Un spectacle en forme de pièce de théâtre
On notera que ce n’est pas non plus par hasard que Juliette ait choisi pour célébrer Anne Sylvestre d’interpréter « Après le théâtre ». Ce récital qui chante aussi le deuil, qui saisit le léger et le tragique de l’ordinaire dans des textes qui sont autant de comédies que des drames avec cette faculté de se saisir de n’importe quel sujet pour en faire de la dentelle, est un hymne à l’art de monter sur les planches. Un de ses complices ouvrant même le concert de coups de brigadier, cet accessoire indispensable à la machinerie théâtrale célébré par François Morel, un ami de Juliette avec qui elle a concocté « Lapins » dans son poème Augustin de Beaupré. Tout ici fait théâtre, tout ici fait sens, jusqu’à Chopin, Schubert, et le Boléro de Ravel en embuscade, pour parler de cet œil qui se pose sur le monde.
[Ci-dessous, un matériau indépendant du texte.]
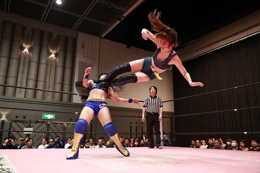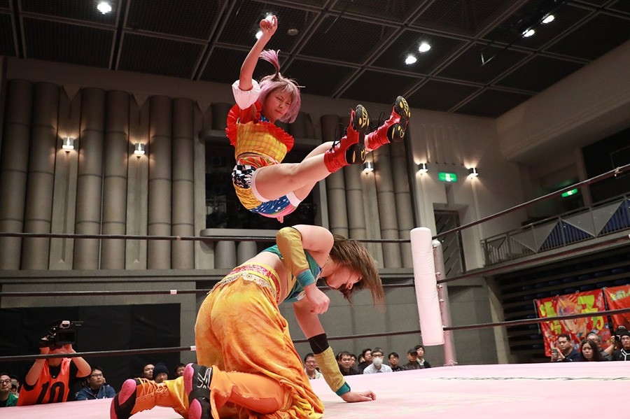 デビュー戦のぽむは走ってリングイン、試合前ながら笑顔を絶やさず。リストの取り合いから坂咲は拍手も握手に応じたぽむにガットショット。ぽむはヘッドシザースホイップを決めるが、坂崎はペースを譲らず。リボンを奪って自分がつける。ぽむはエルボー連打も坂崎が一発で倒しボディスラム。バックエルボーを返したぽむはフェイントを入れてスネに蹴りを一撃。スクールボーイ2発は坂崎が返す。そこからグラウンドでフェースロック。しかしミサイルキックはぽむがかわし、坂崎の体を踏み台にしてレッグドロップ。坂崎はカウンターでコンプリートショット。最後はスライディングラリアットで3カウント。

Concert du lâcher-prise, de la danse avec les démons, dont les lumières donnent naissance à ce qui ressemble à des tableaux de Turner, ce peintre qu’elle vénère, derrière la blague (elle en fait beaucoup entre les chansons) quelque chose de profond surgit en permanence. Pas d’anciens chefs d’œuvre comme « Le festin de Juliette », « Mayerling », « Aller sans retour », « La ballade d’Eole », « Les garçons de mon quartier » mais que des nouveautés extraites des deux précédents albums. Que de l’essentiel de l’inoubliable. « Y-a-t-il une vie sans le théâtre ?», concluait Anne Sylvestre dans sa chanson. Une chose est sûre ! Pour tous ceux qui aiment les « rimes féminines » la chanson française, l’art d’écrire, les musiques qui envoûtent et emportent, il n’y a pas de vie sans Juliette.
Jean-Rémi BARLAND
Album « Chansons de là où l’œil se pose » paru chez Barclay.